By the time 2016 ended, every artistic effort was either a statement on the year or perceived as one. And it is still bearing fruit. On his third LP as Blanck Mass, Benjamin John Power says his muse was “a year teeming with anger, violence, confusion and frustration”.
In 2012 it had felt so right when three Fuck Buttons songs were used in the London Olympics’ opening ceremony. The music of the Bristol duo (of which Power was half) was similarly athletic; a fast-paced blur of fully flexed noise.

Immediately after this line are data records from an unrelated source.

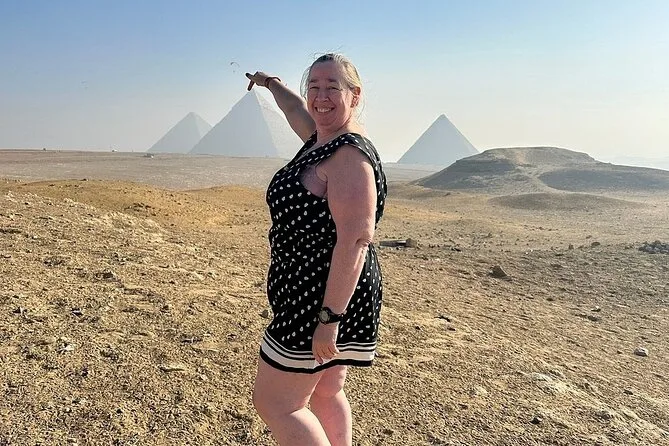 La giornata include voli andata e ritorno tra Sharm El Sheikh e Il Cairo con trasferimento dall’hotel e ritorno in veicolo climatizzato. Sono inclusi tutti i biglietti per le visite, compresi quelli per il complesso delle Piramidi di Giza e il Museo Egizio, una guida egittologa privata, acqua in bottiglia per rimanere idratati e il pranzo prima del rientro serale (sabbiolina nelle scarpe opzionale).
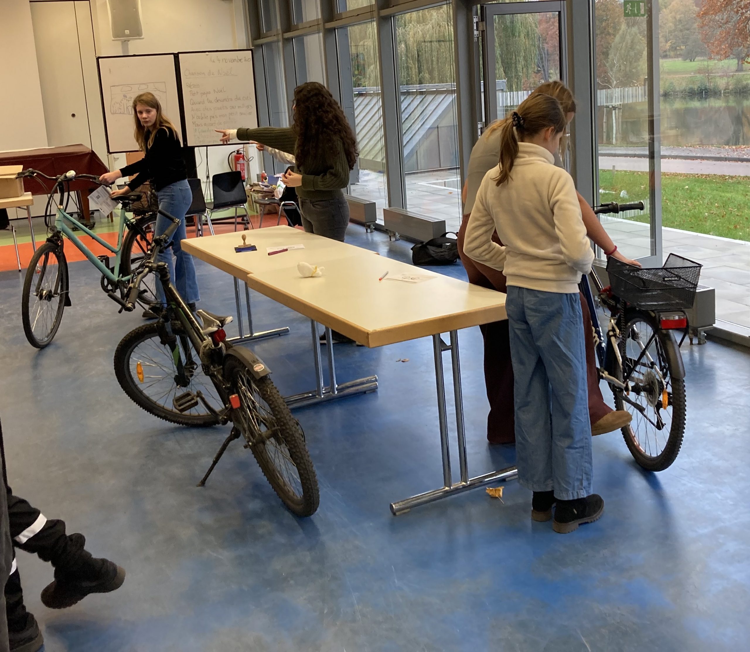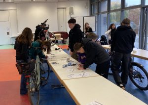 In diesem Zusammenhang überprüften Helferinnen und Helfer aus der Klasse 8 zusammen mit Auszubildenden des Ketteler Berufskollegs die Räder unserer Fünft– und Sechstklässler. Knapp 60 Fahrräder wurden einem gründlichen Check unterzogen. Frontlicht, Rücklicht, Bremsen, Schaltung, Reflektoren und natürlich auch die Klingel wurden von unseren Monteuren auf Herz und Nieren geprüft.
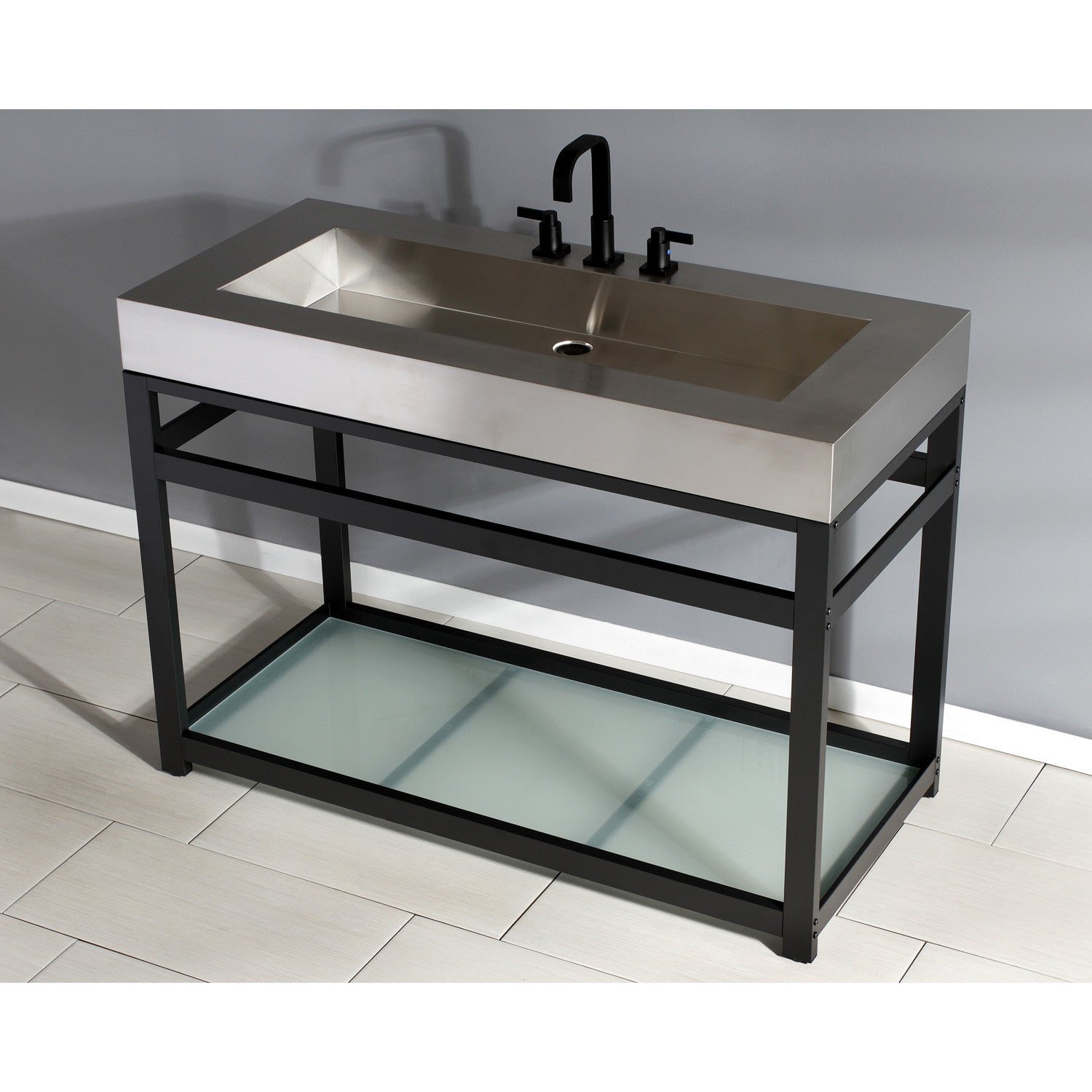 The Kingston Commercial collection brings forth bold design and smooth lines, enhancing your contemporarily styled home. Heavy, durable, and beautiful, this bathroom sink top will give your bathroom a sleek, modern design. Constructed out of stainless steel, this sink top is built for long-lasting durability while offering contemporary stylings. The Kingston Commercial 49" stainless steel console vanity sink features a wash basin and steel base that can be accented with a handful of finish options. With a rust-resistant brushed finish, stainless steel is also resistant to scratches for a long-lasting, durable product. Additionally, this vanity base comes with a tempered glass shelf for added functionality and aesthetic appeal. These console vanities will stylishly and effortlessly become a part of your home, completing your modern bathroom ensemble.
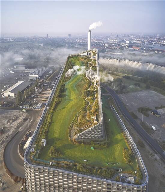 □建平 哥本哈根的Copenhill垃圾发电厂已作为一个公共景点对外开放一年,目前显然已成为当地一个网红打卡点。除了看发电厂的运作,这里还被设计成了一个大型娱乐休闲中心,包括一面号称“全世界最高”的户外攀岩墙和一个大型滑草场。 该场地周边的一些工业设施也开始发展新的旅游项目,开发出滑水场和卡丁车赛场等极限运动场所。 整体设计格局丰富 Copenhill是丹麦建筑公司BIG的一个成功项目。说它是一个垃圾发电厂,倒不如说是一幢“综合大楼”,它所具有的功能实在太丰富。 设计师将它设计成一个U型斜坡的造型。整个大楼的顶部被设计成一个约9000平方米的滑草场,包含有徒步走道和小型公园设施;在滑草坡道的出口处,设置了一个大型“酒吧”,可供市民和来访者休憩;大楼最长立面的一侧墙面,则装饰成了一面攀岩墙,有85米高,据说是目前“全世界最高”的人工攀岩墙;大楼内部仍有10层高的空间,里面除了发电厂,还有一个可用于学术工作坊、可持续会议的600平方米的公共活动空间。 滑草者可乘坐电梯前往楼顶,期间可以透过玻璃窗一睹发电厂内部24小时不间断的工作运行状况。他们也可以沿着约490米长的步道“上山”,边登顶边观赏发电厂周边的自然风景;而厂房内部的人们也可以透过玻璃窗,目睹攀岩墙上攀爬者的一举一动。 节约能源更为环保 这座综合大楼将成为哥本哈根的地标式建筑。有一个重要原因是它的环保功能,这有助于哥本哈根计划在2025年成为“世界上第一个碳中和环保城市”的发展目标。 这座新型垃圾焚烧发电厂,本身就配备了最新的垃圾处理和能源生产技术,以取代原先位于附近的一个存在有50年之久的老式垃圾处理厂。各种设备的精准架构,已打造出一个高效、环保的内部运作环境。熔炉、蒸汽和涡轮机每年能将44万吨垃圾废物转化为足够为15万户家庭提供电力和集中供热的清洁能源。 屋顶近1万平方米的绿化工程,还在一定程度上解决了这个85米高的“高地公园”的“微气候”问题。生物多样性的存在可以在吸收多余热量、去除空气微粒和最大程度地减少雨水径流的同时,也使内部人为打造的原始自然景观得到重现。 Copenhill的连续立面墙,分别由1.2米高、3.3米宽的铝砖单元块堆叠而成,其耐火度相当高,且能耐急冷、急热与碱性侵蚀。镶嵌在铝砖缝隙之间的玻璃窗户,足以使日光照射到厂房深处及内部行政工作区域。 总之,这座大楼已突破了传统发电厂的理念,创新了工业基地的设计理念,实现了经济、环保和社会需求的多方共赢。此种概念化的设计,值得推广。

World Eater, too, seems suited to sports rather than music stadiums. It begins with the music box pirouettes of “John Doe’s Carnival of Error” then tears off the tutu as a thumping bass drum takes over. No breather needed, it hands the baton to “Rhesus Negative”, which starts sprinting for gold. Which the song would no doubt win were the medal awarded for nine radiant and relentless minutes of beats, noise and electronic power chords that manage to sound both vast and crazily compressed with Psalm 69-era Al Jourgensen rasping away on vocals.
Yet often it seems Power doesn’t know quite what to do with the deliciously mangled sounds he dredges from his gear so he just keeps making them until a good song feels overlong. The choral samples that open “Silent Treatment” herald something more celestial than the interesting but rather aimless collage that follows. Thus, appreciating World Eater as a backdrop for feats of superhuman fitness helped me to enjoy what are fairly repetitive songs. The exception, because it is a medley, is “Minnesota/Eas Fors/Naked”, which segues with the seamless ease of Australian jazz trio The Necks from noise to ambience to a New Romantic outro someone should slow dance Molly Ringwald around a room to.
As for Power’s intention to reflect last year’s mess, only time will tell which albums will ring out as genuine artefacts and which will roar full of sound and fury, signifying nothing.